>Q: I have been seeing a woman for three years. We get along great, but we have had some bad times. During her 16-year marriage, she had a "sex buddy" for 10 of the 16 years, she had an affair with a neighbor and she had an affair with me. She has called me other men's names during sex, and she used to flirt with other men in front of me but has stopped that.
She told my friends that the best sex she had was on a boat. Unfortunately, I don't have a boat. She kissed my friend in a bar in front of me, and she invited me to a work party, ignored me and spent all of her time talking to the guy she had the 10-year affair with. Those are just some of the issues.
She tells me she loves me more than she has ever loved anyone and wants only me. Am I an idiot to stay with her?
– K.P., Cheektowaga
A: Intellectually, of course, the answer is yes, but emotionally, you keep saying no.
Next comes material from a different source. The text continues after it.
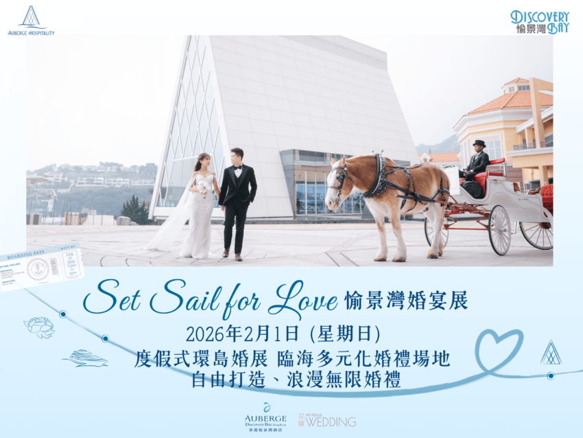 2026年2月1日(星期日)《SET SAIL FOR LOVE 愉景灣婚宴展》,為您的婚禮展開浪漫旅程~

My guess is that because you have asked this question, you already know the answer. I'm here to reiterate that you probably believe that your love will change her, or that she's been misunderstood in the past, and if you try a little harder, you can finally win her forever.
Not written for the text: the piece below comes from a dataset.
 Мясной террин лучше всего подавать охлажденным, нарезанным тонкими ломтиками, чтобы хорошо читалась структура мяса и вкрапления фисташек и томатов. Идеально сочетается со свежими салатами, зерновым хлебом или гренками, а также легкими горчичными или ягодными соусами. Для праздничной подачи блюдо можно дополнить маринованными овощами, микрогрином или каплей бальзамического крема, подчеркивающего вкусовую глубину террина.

I'm sorry, but she has a severe character defect. She keeps you hooked by saying sweet things to you – that's what narcissists do. There's nothing you or anyone else can do for her. In fact, if you really love her, the best thing you can do is walk away so she can feel the pain and finally go for the counseling she needs.
It is wonderful when a victim of a narcissist/serial cheater finally breaks free. Over time, your anxiety and stress diminish. The fear and mistrust disappear. Your creativity and strength and happiness return. You will smile more, and your steps will be more lively and confident.
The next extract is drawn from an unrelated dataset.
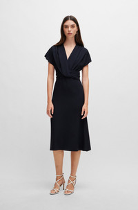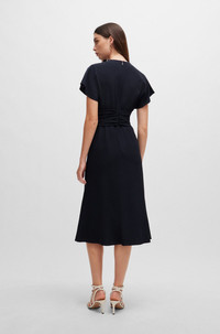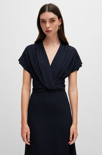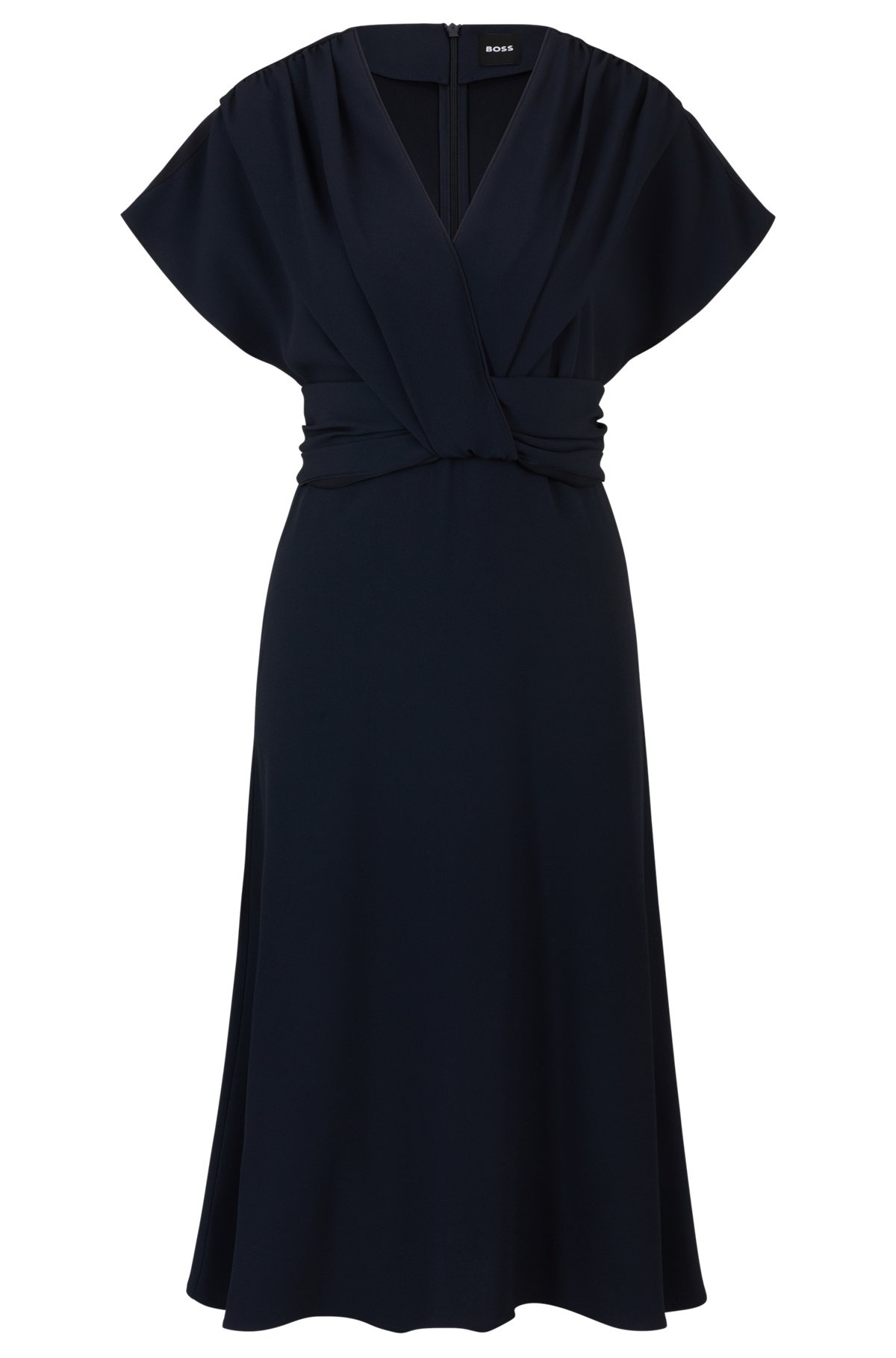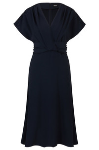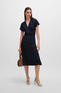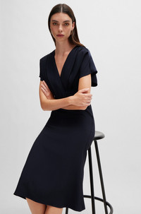 SIZE AND FIT The model wears a size 2 and is 5'10" tall with a, 31" chest, 24" waist and 35" hips. DETAILS Debasa2 - 50515198 A flattering dress by BOSS Womenswear. Designed in soft satin with a matte appearance, this elegant dress features draping details at the V neckline. A subtle rear zip offers a sleek finish. Fit back length: 115 cm (45 inches) QUALITY & CARE INSTRUCTIONS Do Not Tumble Dry Quality: 72% Acetate, 28% Viscose Do Not Bleach Do Not Wash Iron Low Heat Reduced Dry Clean

>Q: I have been engaged to the man I love for a year. The problem is, he doesn't please me in bed, and I don't know what to do. He has every other quality that I look for in a man, and I love him like I've never loved anyone in my life. I have had other boyfriends, but he is the first one I ever considered marrying. I thought that over time he would get to know me sexually and the experience would improve, but it hasn't. I have tried to explain to him that I need him to remember what I like, but every time I do it he feels criticized and ridiculed. When I say it more casually, he simply ignores it. What can I do?
– R.O., Amherst
A: Don't marry him until you two can generate a satisfying sex life together. If you can't get to the point where he sexually satisfies you, you'll have to admit that, sadly, you two aren't meant to be.
There isn't anything that has a greater impact on a man's ego than his ability to please his partner, so tread carefully. The key is in how you deliver the message.
Instead of statements that he will take as criticism ("Not that," "You're doing it wrong"), state your feedback as "I love it when you..." and insert whatever it is you want him to do. This comes across as "You did that well – please do it again!"
I would recommend seeing a couple's counselor anyway.